Prédio da UnB não sofreu danos estruturais, diz Defesa Civil

Chuva forte de domingo alagou salas, auditórios e anfiteatros. Alunos reclamam da falta de manutenção dos prédios da universidade

Agência Brasil |

Técnicos da Defesa Civil do Distrito Federal e engenheiros da Universidade de Brasília (UnB) concluiram, nesta segunda-feira, que o prédio onde funciona o Instituto Central de Ciências (ICC), também conhecido como Minhocão, não sofreu danos estruturais. Não há, no entanto, previsão para que o local interditado desde domingo, devido aos estragos causados pelas fortes chuvas , seja liberado.

A água da chuva invadiu salas, auditórios, anfiteatros e depósitos que, segundo imagens colocadas por alunos na internet, transformaram-se em cachoeiras.

Poucos professores e alunos tiveram acesso ao interior do edifício nesta manhã. Segundo a mexicana Elena Nava Morales, 30 anos, a sala dos estudantes de pós-graduação de antropologia, foi parcialmente destruída. "Todo o meu trabalho de um ano e meio em campo está molhado. Muitas coisas ainda nem encontrei. Os livros estão pelo chão, misturados com o lixo no meio da água. Estamos em choque", afirmou Elena, preocupada com a possibilidade de não conseguir reaver as informações de que precisa para concluir sua tese de doutorado até o ano que vem. "Vamos esperar para ver o que a reitoria vai fazer".

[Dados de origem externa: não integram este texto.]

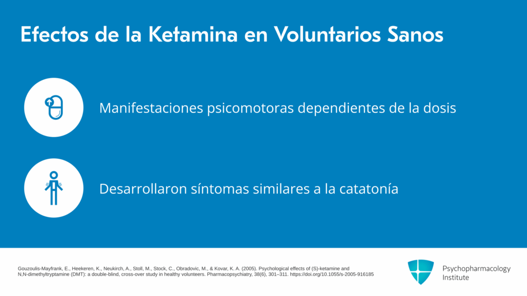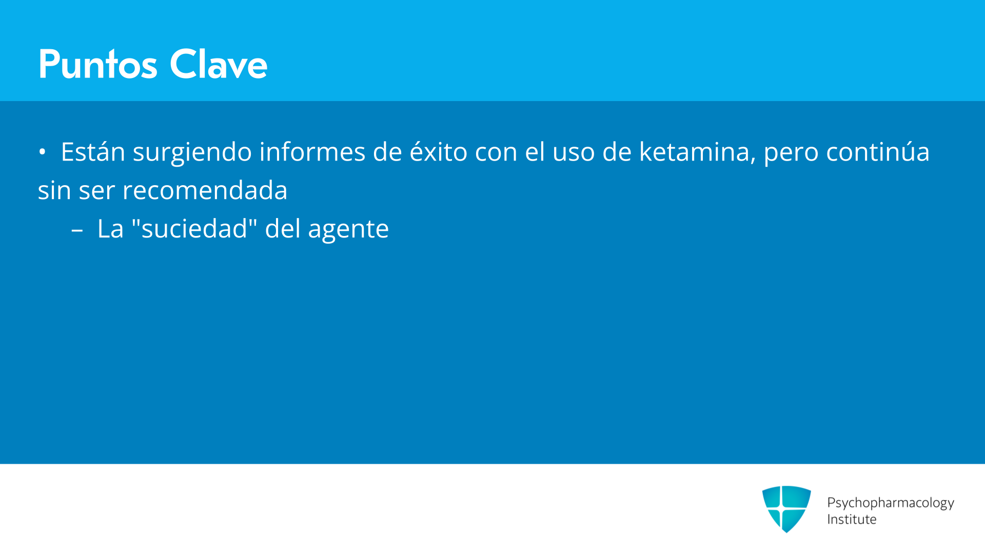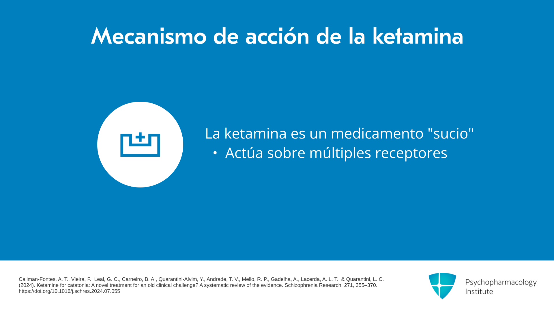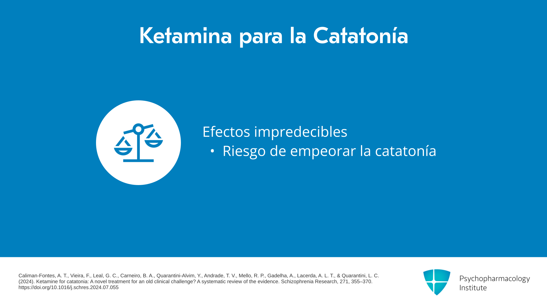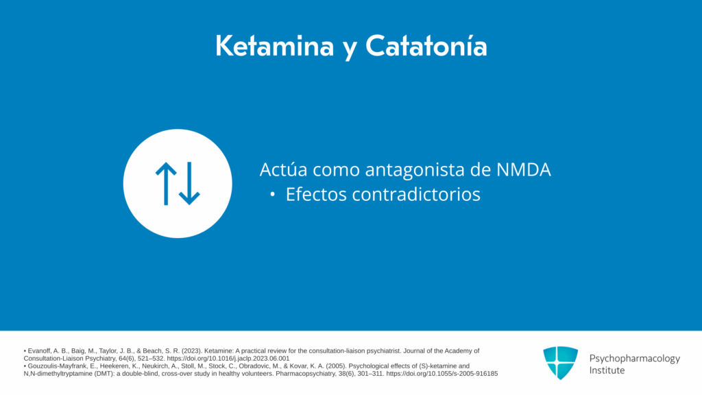 Otro agente que ha generado cierto interés con respecto a la catatonía y que también es un antagonista de NMDA es la ketamina. La ketamina es realmente interesante porque se ha asociado con la resolución de la catatonía en algunos informes, pero también se ha asociado con la inducción o el empeoramiento de la catatonía en otros informes.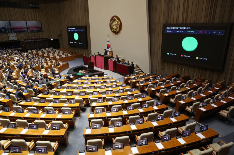 21일 국회 본회의에서 방송문화진흥회법 일부개정법률안이 통과되고 있다. [연합] |

Elena considera que o volume de chuvas foi atípico, mas que os prejuízos seriam menores caso a universidade recebesse manutenção adequada. "Choveu demais, mas o prédio está muito velho. Já tínhamos problemas antes, sempre que chovia demais enfrentávamos goteiras e até mesmo alagamentos de algumas salas".

O estudante do 2° ano do mestrado em antropologia Anderson Silva informou que muitos equipamentos foram perdidos. “Havia na sala bastantes livros, computadores e materiais de pesquisa que foram perdidos, mas vamos tentar salvar o que for possível. Algumas vezes já houve alagamento, mas não tanto quanto agora. Todos sabem que a UnB precisa de reformas, mas, isso não é feito”, desafabou.

O vice-presidente do Centro Acadêmico da Faculdade de Economia, Guilherme Morici Corrêa, concorda que o prédio já precisava de reformas. "Acho que era difícil evitar o que aconteceu porque choveu demais, mas se houvesse infraestrutura melhor, os danos seriam bem menores", declarou Corrêa que, mesmo sem ter entrado no Centro Acadêmico, acredita que muito pouco do material guardado poderá ser salvo. "Todos os arquivos do centro, desde a década de 80, estão aparentemente perdidos. Já havíamos reclamado das infiltrações à Prefeitura, mas ninguém nos deu uma resposta", protesta.